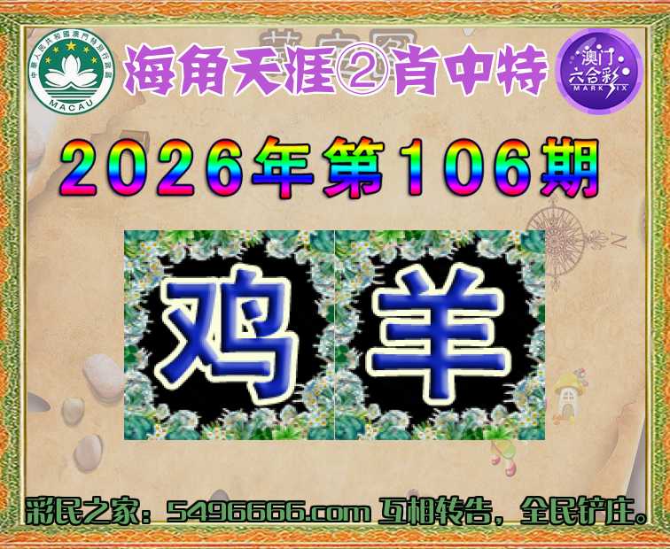 106期:【海角天涯】 😳②肖中特😳【鸡.羊】开:00准
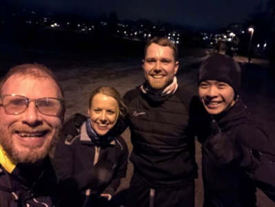 Løpegruppa samles for felles treninger. På vinteren er vi inne på Bislett hvor intervaller er det mest hensiktsmessige. På vår/sommer/høst blir det flere lengre turer med flere kilometer i beina for å forbedre formen og muligens forberede oss til eventuelle løp.
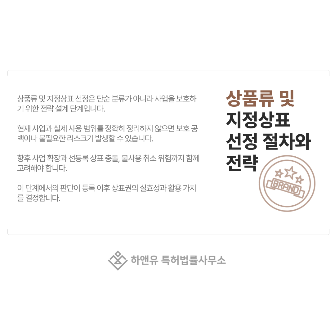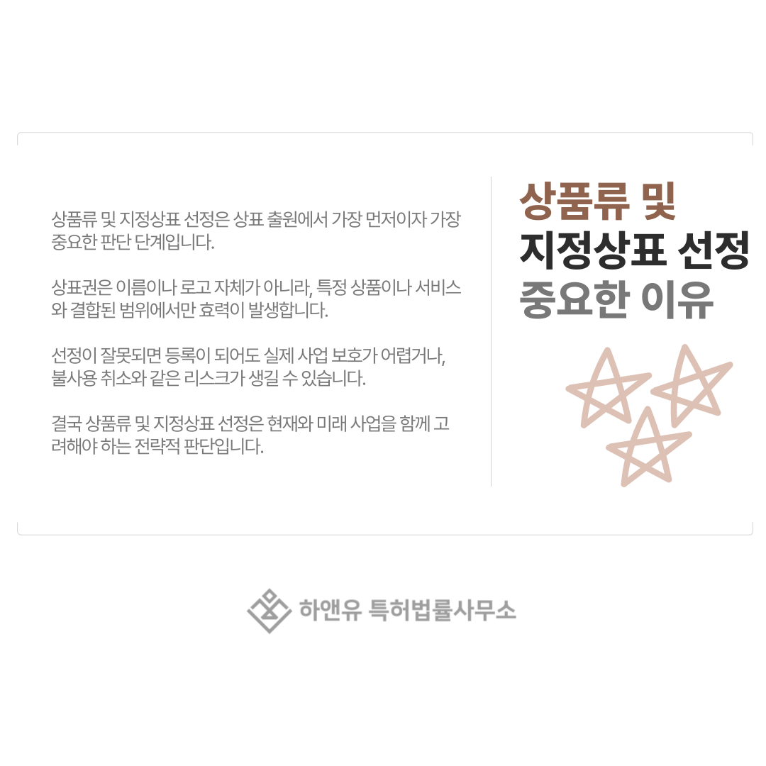 #상품류및지정상표선정 #지정상품 #상품류선택 #상표권보호 #상표출원전략 #상표 #상표권 #상표출원 #상표등록 #TrademarkRegistration #TrademarkApplication #특허사무소 #특허법률사무소 #하앤유특허법률사무소

------------------------------

### What you are asked to do
Reproduce every line above exactly as written, omitting the images.

### Answer below
 106期:【海角天涯】 😳②肖中特😳【鸡.羊】开:00准
 Løpegruppa samles for felles treninger. På vinteren er vi inne på Bislett hvor intervaller er det mest hensiktsmessige. På vår/sommer/høst blir det flere lengre turer med flere kilometer i beina for å forbedre formen og muligens forberede oss til eventuelle løp.
 #상품류및지정상표선정 #지정상품 #상품류선택 #상표권보호 #상표출원전략 #상표 #상표권 #상표출원 #상표등록 #TrademarkRegistration #TrademarkApplication #특허사무소 #특허법률사무소 #하앤유특허법률사무소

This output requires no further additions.